[PROBLEM DESCRIPTION]: Only the lines from the one holding "Off White Cotton" to the end of the data should be echoed, exactly as they appear, minus the pictures.

[DATASET CONTENT]:

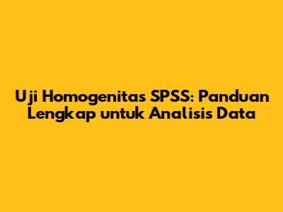 Hey guys! Pernah denger tentang uji homogenitas? Atau lagi pusing mikirin gimana caranya ngelakuin uji ini pakai SPSS? Tenang, kalian gak sendirian! Uji homogenitas itu penting banget dalam analisis data, terutama kalau kalian mau pakai metode statistik yang asumsinya mengharuskan data kalian homogen. Nah, di artikel ini, kita bakal bahas tuntas tentang uji homogenitas, khususnya gimana caranya pakai SPSS buat nguji data kalian. Yuk, simak!
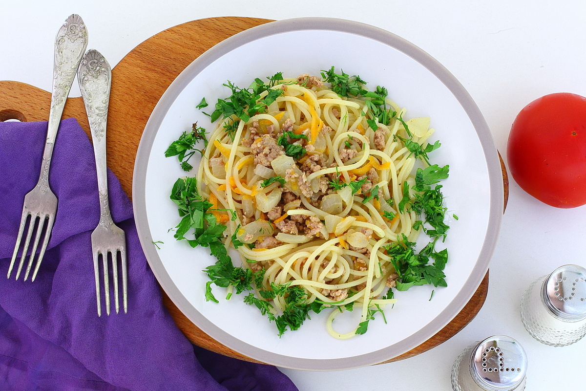 Хрюкает в грязной лужице розовощекий малый. Где-то свинина тушится, где-то вкушают сало. Вянет на кухне руккола, бьёт мясорубка маршем: То, что когда-то хрюкало, ляжет в тарелку фаршем. Длинная макаронина - это не только тощая блондинка на каблуках, но ещё и изделие из теста, которое вы можете обнаружить в пачке спагетти. Вы же помните, что настоящие спагетти имеют длину более 13 см и диаметр 2 мм. Спагеттини и спагеттони соответственно - более худые и более толстые макаронины той же длины. Если на первое у вас был низкокалорийный суп, горячее блюдо должно быть сытным и вкусным. Накормишка предлагает приготовить спагетти с мясным фаршем на сковороде. Состав: свинина — 300 г; спагетти — 200 г; луковица — 1 шт.; морковь — 1 шт.; зелень — 1/2 пучка ; чеснок — 1 зубчик; растительное масло — 3 ст. л.; соль, перец — по вкусу; молотый кориандр — 1/4 ч. л. (опционально); сухая аджика — 1/4 ч. л. (опционально). Приготовление: 1. Сделайте зажарку. Измельчите лук и морковь. Разогрейте масло в
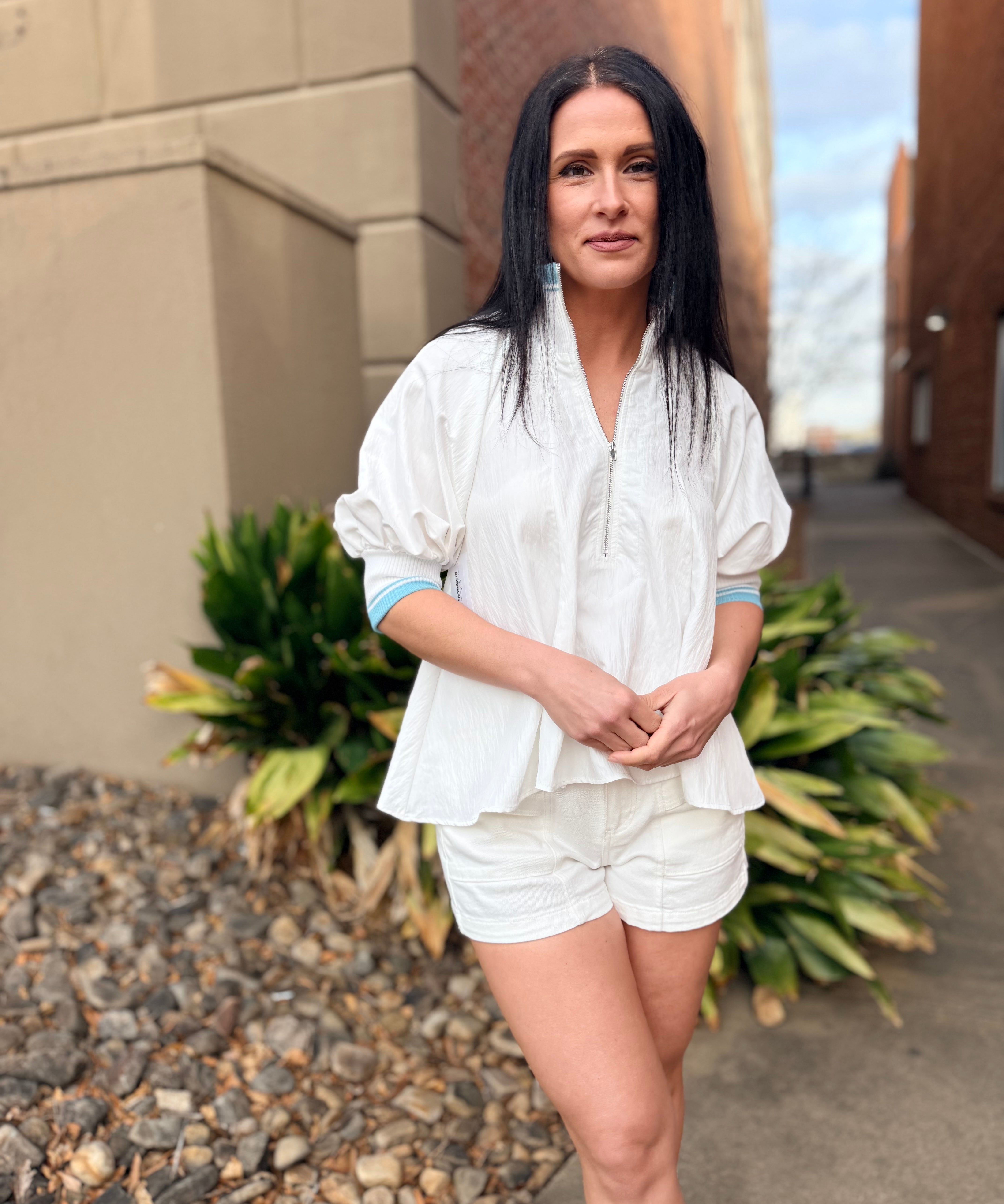 Off White Cotton Linen Mix Square Neckline Loop Trim Midi Dress
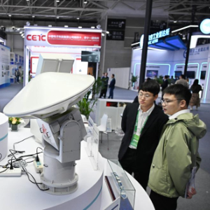 4月18日,观众在雷达未来大会展览区参观。

[REPLY]:
 Off White Cotton Linen Mix Square Neckline Loop Trim Midi Dress
 4月18日,观众在雷达未来大会展览区参观。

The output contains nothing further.